I’m doing the Learning how to Learn course on Coursera. One of the assignments called for more introspection on one’s learning journey than was allowed for, so I’ll continue here.
Over the years I developed a rather misguided view on learning and personal development. I thought people were more like whiskey – only as good as when and where you’re aged. Once you’re in the bottle, it’s all about the presentation. But we’re more like yogurt. If you maintain the culture well, you can keep growing yogurt forever. Learning doesn’t just stop when you finish school.
My learning trajectory has been mostly coincidental, beginning as an English language learner muddling through at a British international school, passing exams on marginal grades, culminating in university to study Economics when I meant to apply for Finance, in actuality not being that interested in either. I have recently become unemployed from my job somewhere beyond the fringes of the education industry, propagating a new generation of teaching and learning tools to teachers and students.
The irony is clear.
What I’m trying to say, with a blush of shame, is that until now I have taken a rather passive approach to learning, doing so only when it is necessary and by osmosis, absorbing whatever is closest and relevant.
Due in part to exogenous circumstance but mostly out of my own neglect, I have overlooked or squandered most opportunities over the years. My career has yet to take off, and I am far more ignorant and far less skill than I admit to be.
Some people need to hit rock bottom before the admit there’s a problem. I’ve been crawling at the bottom for years. Step One: Admission. Step Two: Rectification.
I have two broad learning goals to accomplish in the imminent future (say 12 to 18 months). First to become literate in the subjects in which I hold a passive interest – psychology, for self-interpretation; philosophy, for consolation; design, for communication. Second, to become proficient in skills areas that will help me become more effective in the workplace: Project Management, because everything is a project nowadays; Accounting & Finance, because I want to understand annual reports; Communications, because nobody works alone.
What concerns me is a proclivity to go through cycles of intense, passionate focus followed by prolonged periods of paralysis. It also coincides with my mental state. Even those moments of focus are charred by very short attention span – I often struggle to concentrate for more than twenty minutes at a time, making it hard to grasp and absorb concepts and ideas. This was a particularly bad one in school – had to whip myself with a belt to stay on tuned in. And no, that didn’t help.
The structure of Coursera is already helpful in overcoming the first problem – courses are divided into weeks of material and I am able to research ahead of time the structure of a programme to plan ahead, instead of diving in blind and burning out quickly. As for the second, I’m theorizing that that rather than fighting how my brain works, it may be possible to actually take advantage of how it works both in the approach to learning as well as structuring the content. Rather than getting frustrated, when concentration wanes I can naturally shift to a diffused mode of thinking: get a coffee, drink tea, think in the big picture about how the subject matter relates to real life.

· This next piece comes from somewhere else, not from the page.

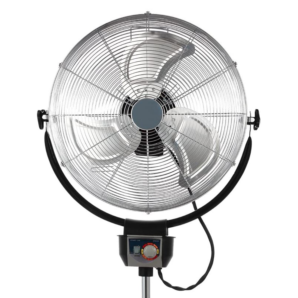 High-torque motor with 3 powerful fan speeds; 4-position rotary switch All-metal construction with heavy-duty aluminum blade; reinforced, circular chrome wire grille for added safety; ideal for industrial settings as well as any area that needs to move high volumes of air 75° of oscillation; adjustable-height pedestal from 40 in. to 49 in.; fan head tilts 360° for use as air circulator; can also point straight up for floor to ceiling ventilation Sturdy base stabilizes operation OSHA-approved 3-prong grounded plug ETL/Intertek listed

Since my brain in bursts, it may be possible to chunk the subject knowledge into tolerable ‘bites’ – concluding each bite at the end of every 15-20 minutes, and allot some ‘bites’ for review and revision.

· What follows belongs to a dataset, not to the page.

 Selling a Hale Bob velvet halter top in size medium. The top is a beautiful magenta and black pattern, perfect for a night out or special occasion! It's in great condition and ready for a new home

Herein lies my best hope for digital learning technologies – the ability to adapt to individual learning needs and styles. Born today I’d most likely have been diagnosed with a learning disorder, but really this is just how my brain works. Your brain probably works differently. The ability to diagnose ones learning style, pace and suggest content accordingly, and devise individualized learning strategies is a power we’ve never had before.
I’m going to revisit this topic in my more lucid states.